We’ve delayed climate action for so long that, to hit our climate goals, the world will not just have to reduce emissions to zero but even pull some carbon dioxide from the air. There are a handful of “negative-emissions technologies” that we can deploy to do that, but the report says that “the effectiveness of such techniques are unproven at large scale and some may carry significant risks for sustainable development.”
Dig deeper: Quartz’s ultimate guide to negative-emissions technologies
What do other climate scientists make of the report?
Many scientists welcomed the use of “net-zero emissions” as the target. The goal has a clarifying message: every sector of the economy needs to get to zero emissions if we are to stabilize our climate and the sooner we do it the better our chances.
“Governments agreed on the 1.5°C goal in Paris in 2015 and knew exactly—and without any further IPCC assessment—that this would mean deeper mitigation faster,” said Oliver Geden of the German Institute for International and Security Affairs. “It hasn’t happened yet.”
Is there any good news?
“The good news is that some of the kinds of actions that would be needed to limit global warming to 1.5°C are already underway around the world, but they would need to accelerate,” said Valerie Masson-Delmotte, director of French Alternative Energies and Atomic Energy Commission.

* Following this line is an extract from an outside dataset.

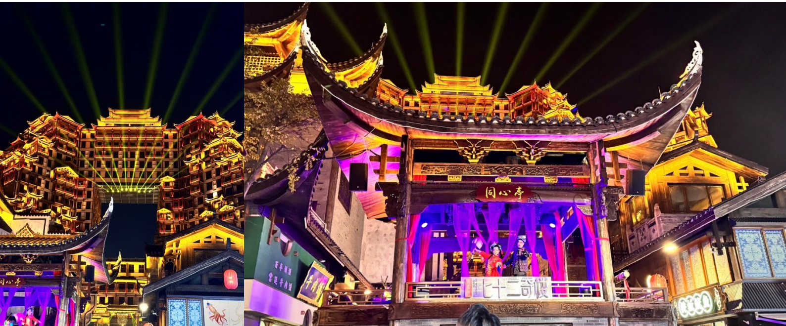
นำทุกท่านเข้าสู่ที่พัก SUNSHINE HOTEL ZHANGJIAJIE ระดับ 5 ดาวท้องถิ่นหรือเทียบเท่า

จากนั้นนำท่านชม ตึกมหัตศรรรย์ 72 แห่งเมืองจางเจี๋ยเจี๋ย แลนด์มาร์คใหม่ล่าสุดที่เป็นเสมือนแม่เหล็กดึงดูดนักท่องเที่ยวและผู้มาเยือน ถูกสร้างขึ้นโดยนำเอาจุดเด่นของเมืองจางเจี๋ยเจี๋ยมารวมกัน โดยมีอาคารสูงที่สร้างจำลองถ้ำประตูสวรรค์ บ้านยกพื้นโบราณที่เป็นบ้านพื้นเมืองของชาวถู่เจี๋ย นอกจากนี้ที่นี่ยังถูกออกแบบให้กลายเป็นแหล่งรวมของ รีสอร์ท โฮมสเตย์ ร้านอาหาร แผงสตรีทฟู้ด ผับบาร์ ร้านขายของที่ระลึก ที่ตกแต่งด้วยแสงสีสุดอลังการ (รวมบัตรเข้าชม)

Those actions are deploying more renewable sources of energy to displace fossil fuels, scaling up energy-storage technologies, cutting emissions of the fossil fuels we use through the use of carbon capture and storage, and developing negative-emissions technologies.
“It’s clear that the benefits to the world of mitigating climate change are greater than the costs of mitigating climate change,” concluded Kristie Ebi of the University of Washington.